Agriculture plows forward!
@QingyuZhou So it would seem. :) Usually, for my cockpits I make the shape of the plane as normal (not hollow) and then paste over the exterior of the section where the cockpit will go with thin fuselage parts, carefully matching the shape. Once that's done I remove the original (not hollow) parts from the cockpit area, leaving space for me to drop in the floor, seats, instruments and controls.
I haven't tried it yet with a cone. I was actually hoping to avoid it. But the asymmetry of the plane I want to build will probably force me to, the bottom sweeps back much more gradually than the top.

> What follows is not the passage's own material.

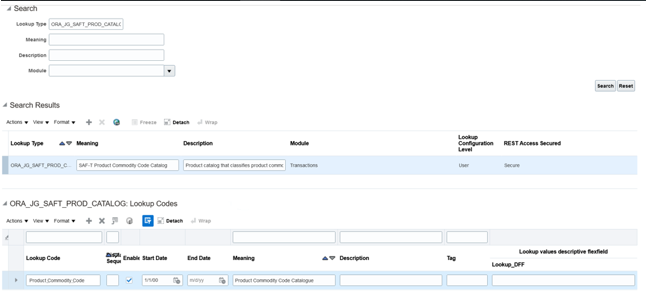 Navigation > Manage Standard Lookups > Lookup type: ORA_JG_SAFT_PROD_CATALOG

Hi Rew, you probably won't see this message for a while because you haven't posted here in a few months, but I figured it was worth a shot. I'm doing research for a pretty big project, but I've got to learn some new techniques to pull it off. How do you make such smooth hollow cones? I think I have a handle on the math to scale the fuselage "ribs" properly, but how do you physically place them? Do you just mathematically input everything into XML or do you have a method of dragging and dropping them into the right position?
I am so sorry it took so long for me to see this. What an amazing replica!
It probably helps a bit with wind resistance if you make fuselage wings. It also probably helps with flexible wings.
The IRL reason for swept wings is to keep the wings out of the shockwave caused by the nose at trans-sonic speed.
It also moves the center of lift back (useful for rear-engined aircraft), and I think it reduces wing resistance on very large wings.